Case Number: 19STCV28515 Hearing Date: March 20, 2024 Dept: 53
Superior Court of California
County of Los Angeles – Central District
Department
53
|
michael laporta vs. david w. affeld |
Case
No.: |
19STCV28515 |
|
|
|
|
|
Hearing
Date: |
March
20, 2024 |
|
|
|
|
|
|
Time: |
|
|
|
|
|
|
|
[Tentative]
Order RE: defendants’ motion for summary adjudication |
||
MOVING PARTIES:
Defendants Affeld Grivakes LLP
and David Affeld
RESPONDING PARTIES: Plaintiffs Michael LaPorta and Beverlee
LaPorta
Motion for Summary Adjudication
The court
considered the moving, opposition, and reply papers filed in connection with
this motion.
EVIDENTIARY OBJECTIONS
The court rules on defendants Affeld Grivakes LLP and David Affeld’s
evidentiary objections, filed on March 15, 2024, as follows:
The court sustains Objections Nos. 2-5.
The court overrules Objection No. 1.
LEGAL STANDARD
The purpose of a motion for summary judgment or summary
adjudication “is to provide courts with a mechanism to cut through the parties’
pleadings in order to determine whether, despite their allegations, trial is in
fact necessary to resolve their dispute.”
(Aguilar v. Atlantic Richfield Co.
(2001) 25 Cal.4th 826, 843.) “Code
of Civil Procedure section 437c, subdivision (c), requires the trial judge to
grant summary judgment if all the evidence submitted, and ‘all inferences
reasonably deducible from the evidence’ and uncontradicted by other inferences
or evidence, show that there is no triable issue as to any material fact and
that the moving party is entitled to judgment as a matter of law.” (Adler
v. Manor Healthcare Corp. (1992) 7 Cal.App.4th 1110, 1119.)

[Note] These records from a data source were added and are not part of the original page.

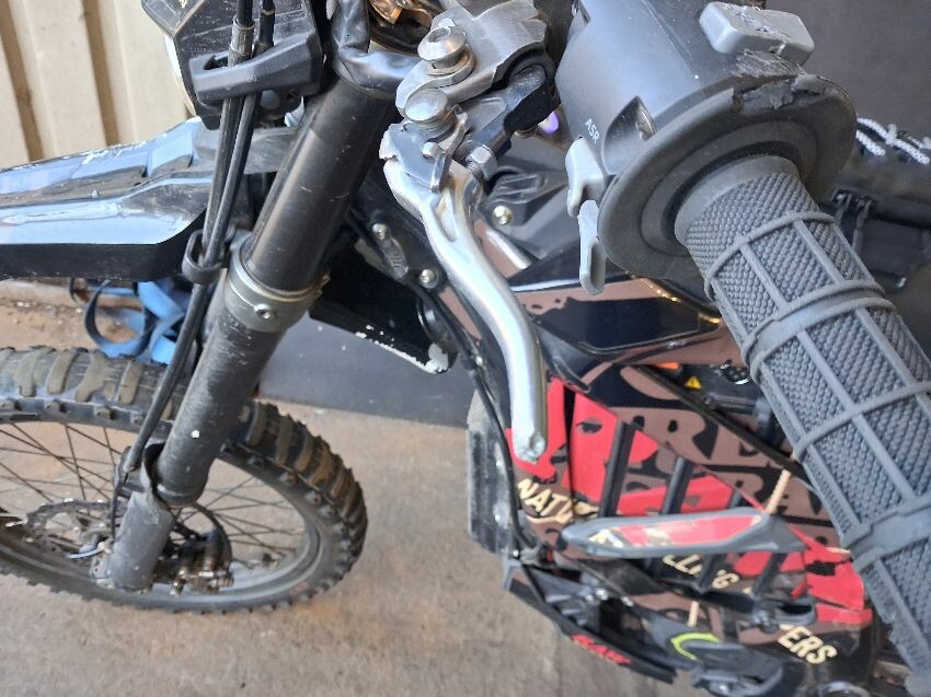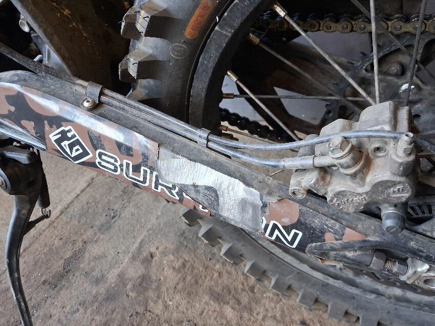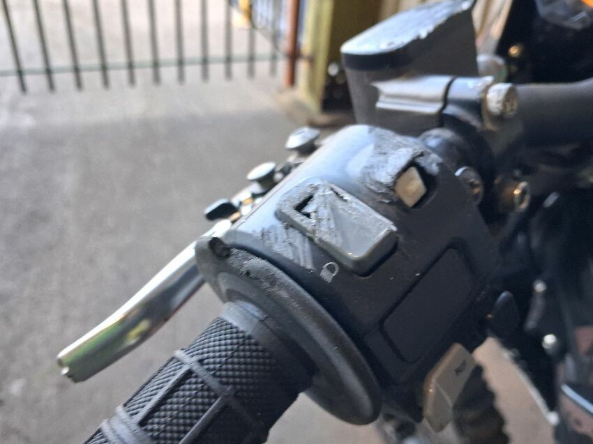 Front mudguard damaged, seat torn, swing arm damaged, brakes levers broken, light controls damaged, general wear and tear,
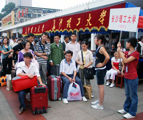 长沙理工文法学院的李同学告诉记者,他们积极响应学校学院号召,配合迎新工作。从早上7点就开始了迎接新生的接待工作。迎新人员们纷纷表示:尽管牺牲了自己学习和休息的时间,但他们愿意把爱奉献给自己的学校和同学们,愿意把这种优良的传统继承下去。
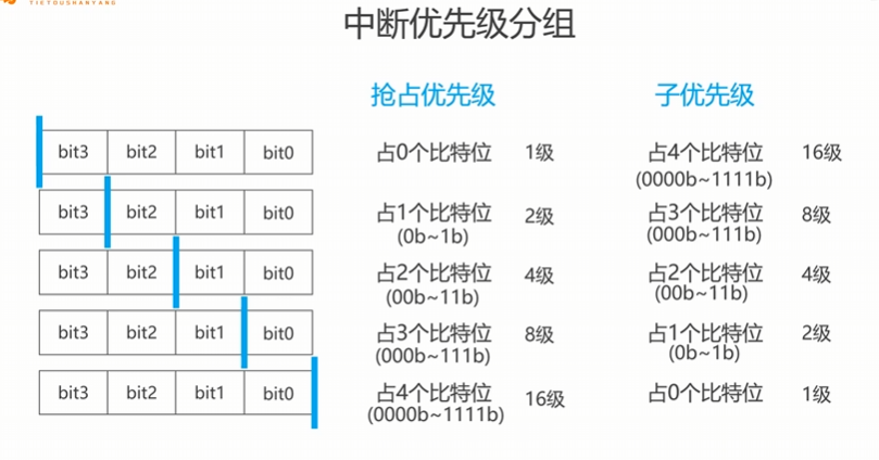 中断2的响应优先级是8,8的二进制是1000,它代表抢占优先级是1,子优先级是0,

“On a motion for summary judgment, the initial burden is always on
the moving party to make a prima facie showing that there are no triable issues
of material fact.” (Scalf v. D.B. Log Homes, Inc. (2005) 128 Cal.App.4th 1510,
1519.) A defendant or cross-defendant
moving for summary judgment or summary adjudication “has met his or her burden
of showing that a cause of action has no merit if the party has shown that one
or more elements of the cause of action . . . cannot be established, or that
there is a complete defense to the cause of action.” (Code Civ. Proc.,
§ 437c, subd. (p)(2).) “Once the
defendant or cross-defendant has met that burden, the burden shifts to the
plaintiff or cross-complainant to show that a triable issue of one or more
material facts exists as to the cause of action or a defense thereto.” (Code Civ. Proc., § 437c, subd. (p)(2).) “If the plaintiff cannot do so, summary
judgment should be granted.” (Avivi v. Centro
Medico Urgente Medical Center (2008) 159 Cal.App.4th 463, 467.) “When deciding whether to grant summary
judgment, the court must consider all of the evidence set forth in the papers
(except evidence to which the court has sustained an objection), as well as all
reasonable inferences that may be drawn from that evidence, in the light most
favorable to the party opposing summary judgment.” (Id. at
p. 467; Code Civ. Proc., § 437c, subd. (c).)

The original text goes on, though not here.